ACTIVITY: The answer must be an exact copy of the lines from the one with "山梨市牧丘町では3日に「こが" through the final line below, with no pictures and nothing else.

───── GIVEN INFORMATION ─────

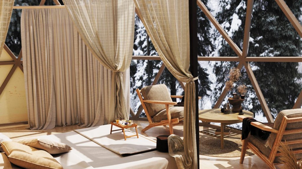 Глэмпинг-курорт рассчитан на единовременный приём 186 гостей. Номерной фонд представлен категорией «4 звезды», включая модульные дома и отель. Главной фишкой станет термальный спа-комплекс с открытым бассейном, готовый принять путешественников и зимой, и летом. для гостей также построят ресторан, банный комплекс, конференц-зал и обустроят смотровую площадку.
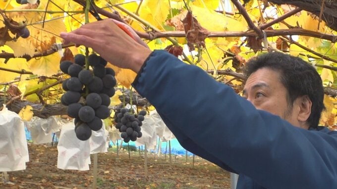 山梨市牧丘町では3日に「こがらしぶどう」の巨峰の出荷が始まり、ブドウ畑では農家がひと房ずつ丁寧に収穫していました。
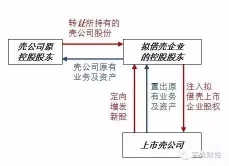 1、上市壳公司将全部业务和资产转让给拟借壳企业的控股股东,并同时向其增发新股,换取其所持有的拟上市企业股份;
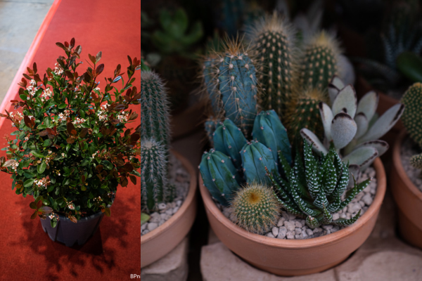 The Rhaphiolepis baby pink and mini cactus mix in pots

─────

PROBLEM SOLUTION:
 山梨市牧丘町では3日に「こがらしぶどう」の巨峰の出荷が始まり、ブドウ畑では農家がひと房ずつ丁寧に収穫していました。
 1、上市壳公司将全部业务和资产转让给拟借壳企业的控股股东,并同时向其增发新股,换取其所持有的拟上市企业股份;
 The Rhaphiolepis baby pink and mini cactus mix in pots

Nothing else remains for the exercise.